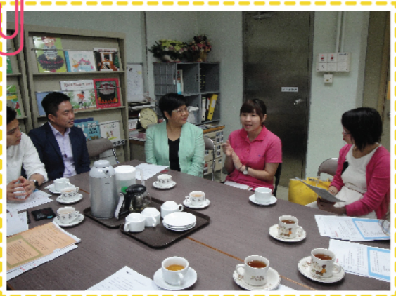
麥校長的團隊分享推行課程計劃的點滴
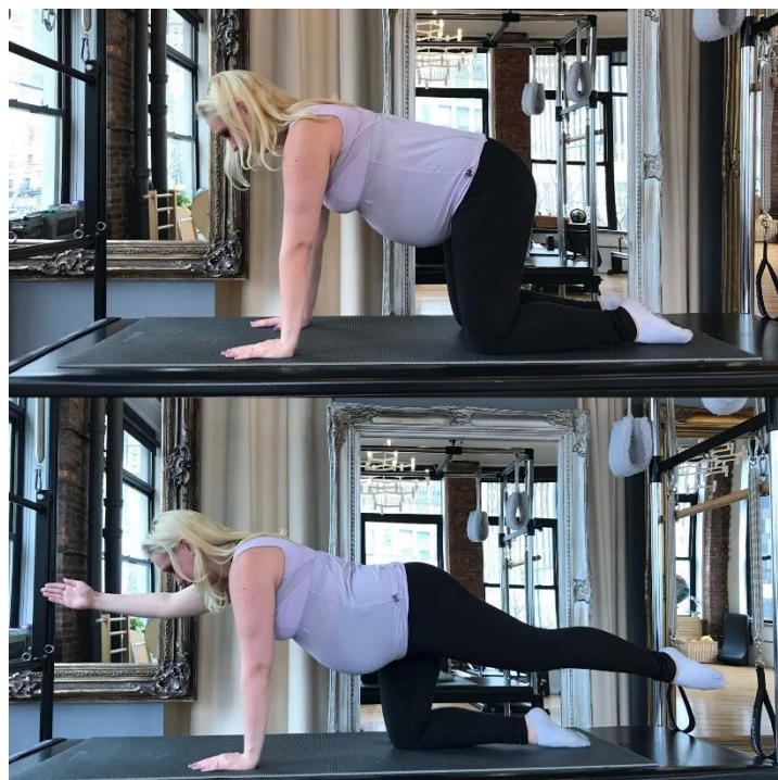
Slika 3. Vježbu „quadruped“
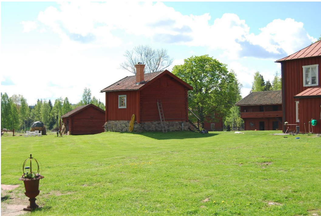
Figur 3. Gårdsmiljön präglas av månghussystemet.
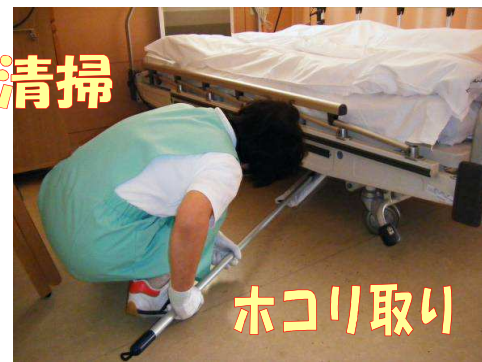
ベッドの下や隅は、特に念入りに作業します。
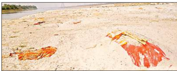
ऊंचाहार के गोकना में गंगा की रेत में दफनाए गए शव।

हालांकि प्रशासन इसे स्वीकार नहीं कर रहा है। विगत दस दिनों से भीषण गर्मी से ऊंचाहार का जनजीवन बेहाल है। दो दिन पहले 47 डिग्री तापमान रिकार्ड किया गया था। अब भी तापमान 45 के आसपास बना हुआ है। गोकना गंगा घाट पर इस समय प्रतिदिन औसतन 30 शव अंतिम संस्कार
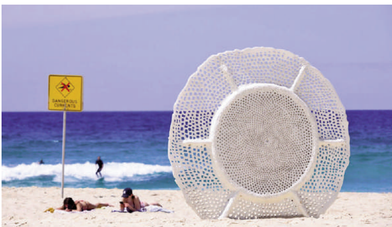
Figg. 13-15 | Sculpture by the Sea , Bondi Beach, Sydney since 1997 (credits: Sculpture by the Sea Incorporated, 2021).
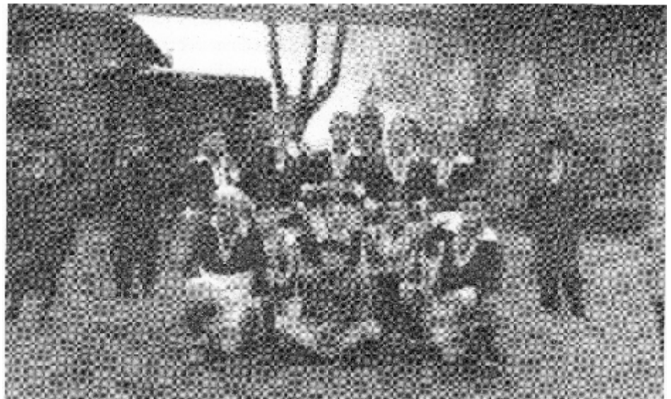
Najstarsze zdjęcie piłkarskiej drużyny Unii zrobione w 1926 roku na dawnym soleckim targowisku.

Początek o godz. 15.00 . Zapraszamy mieszkańców do licznego udziału. Wstęp na mecz za darmo . Będą też dotychczasowe atrakcje dla publiczności.
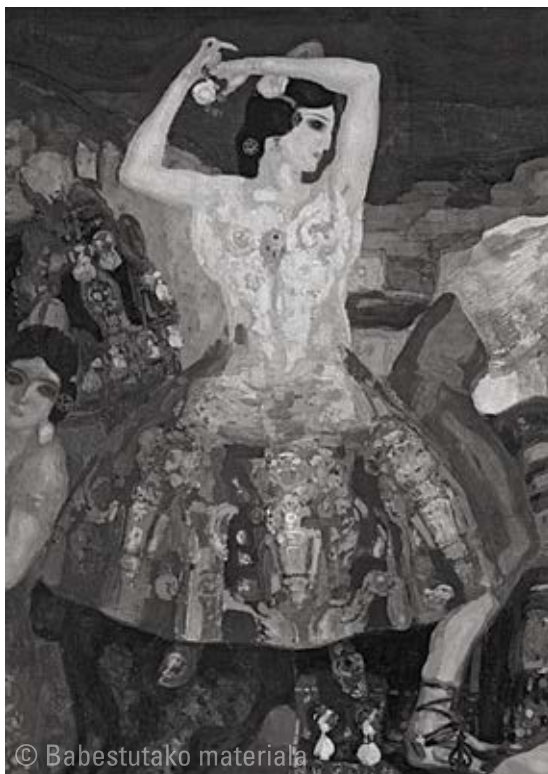
2. Hermen Anglada-Camarasa (1871-1959) Zerra valentziarrak , c. 1907 Olioa mihisean. 70 x 100 cm Bilduma partikularra, Bartzelona Xehetasuna
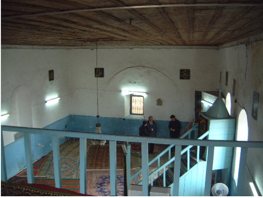
Fot.10: Edirne- Lalapaşa Kilise- Cami'nin harim mekanı
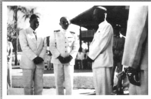
■ จอมพล ป. พิบูลสงคราม, พ.ท.นพ.นิตย เวช-วิศิษฐ์ และนพ.เสม พริ่งพวงแก้ว สามผู้บุกเบิก การสาธารณสุขของไทยในยุคก่อนกึ่งพุทธกาล
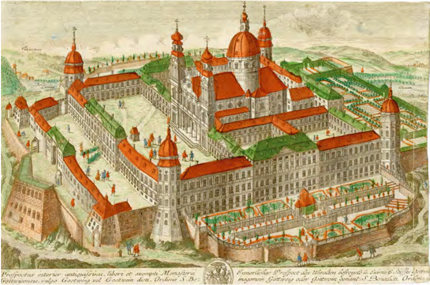
Abb. 1: Martin G. Crophius nach Friedrich B. Werner: Göttingen, 1737

Der Diarium -Bericht gehört zu den frühesten Nachrichten von der Fertigstellung der 1718 durch einen Brand schwer beschädigten und in den Folgejahren unter Abt Bessel neu errichteten Stiftsgebäude. 4
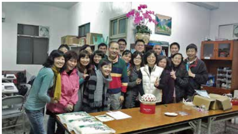
「舊約人物」課程：老師及修課同學團體照
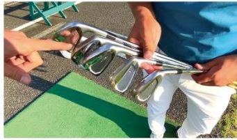
度重なるプロ評価にてソール形状を ブラッシュアップ
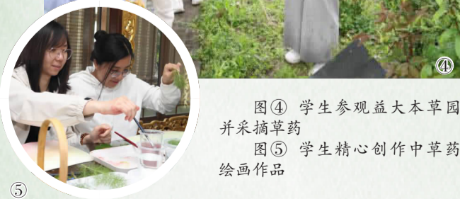
图④ 学生参观益大本草园并采摘草药 图⑤ 学生精心创作中草药绘画作品
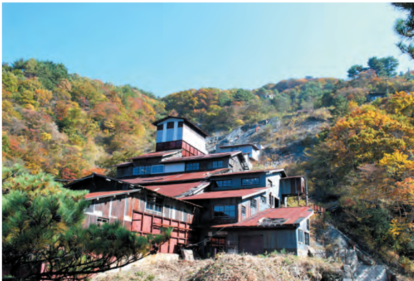
写真31. 現在の若松鉱山の様子。紅葉とともに赤色の屋根が美しい選鉱場の建屋であり、産業遺産としての今後の活用が期待される(2009年10月31日撮影)。
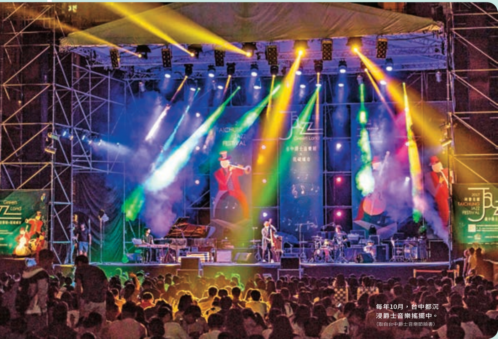
每年10月，台中都沉浸爵士音樂搖擺中。
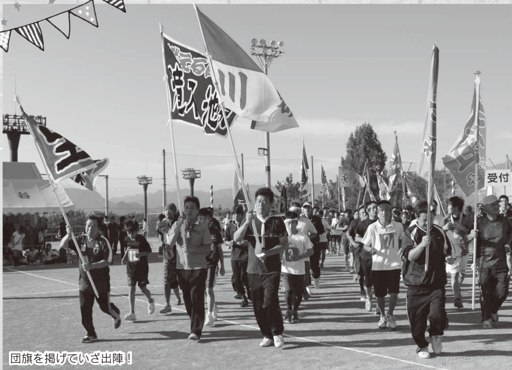
団旗を掲げていざ出陣!

村内各地で秋の大運動会が開催されました。ここでは村民運動会、各小中学校・保育園で行われた運動会の様子を紹介します。
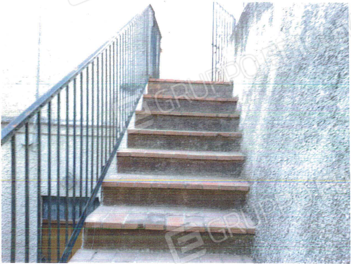
Scala di accesso esterna
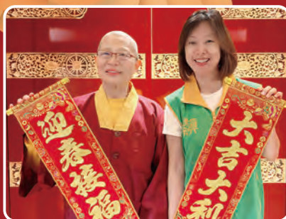
世界真佛宗華光功德會
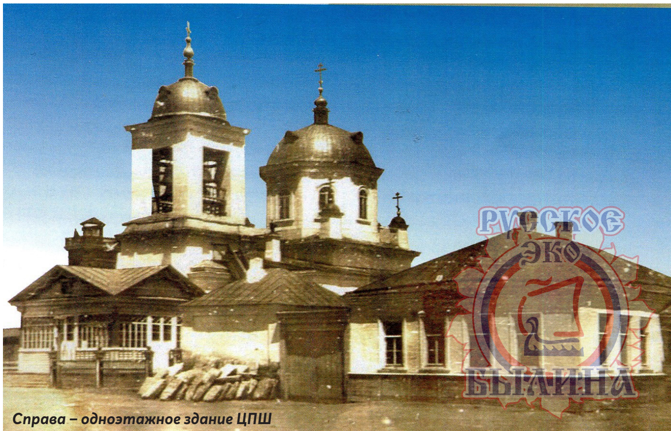
Справа – одноэтажное здание ЦПШ

обошёл, на мои вопросы отвечал удовлетворительно, водил меня в алтарь, показывал церковную утварь и книги, которые все печатные православного издания».

⁂

» **How to complete this task**
Everything from the line containing "Der Diarium -Bericht" to the last line of the listing above must be reproduced exactly, with no pictures included.

» **Response to this task**
Der Diarium -Bericht gehört zu den frühesten Nachrichten von der Fertigstellung der 1718 durch einen Brand schwer beschädigten und in den Folgejahren unter Abt Bessel neu errichteten Stiftsgebäude. 4
「舊約人物」課程：老師及修課同學團體照
度重なるプロ評価にてソール形状を ブラッシュアップ
图④ 学生参观益大本草园并采摘草药 图⑤ 学生精心创作中草药绘画作品
写真31. 現在の若松鉱山の様子。紅葉とともに赤色の屋根が美しい選鉱場の建屋であり、産業遺産としての今後の活用が期待される(2009年10月31日撮影)。
每年10月，台中都沉浸爵士音樂搖擺中。
団旗を掲げていざ出陣!

村内各地で秋の大運動会が開催されました。ここでは村民運動会、各小中学校・保育園で行われた運動会の様子を紹介します。
Scala di accesso esterna
世界真佛宗華光功德會
Справа – одноэтажное здание ЦПШ

обошёл, на мои вопросы отвечал удовлетворительно, водил меня в алтарь, показывал церковную утварь и книги, которые все печатные православного издания».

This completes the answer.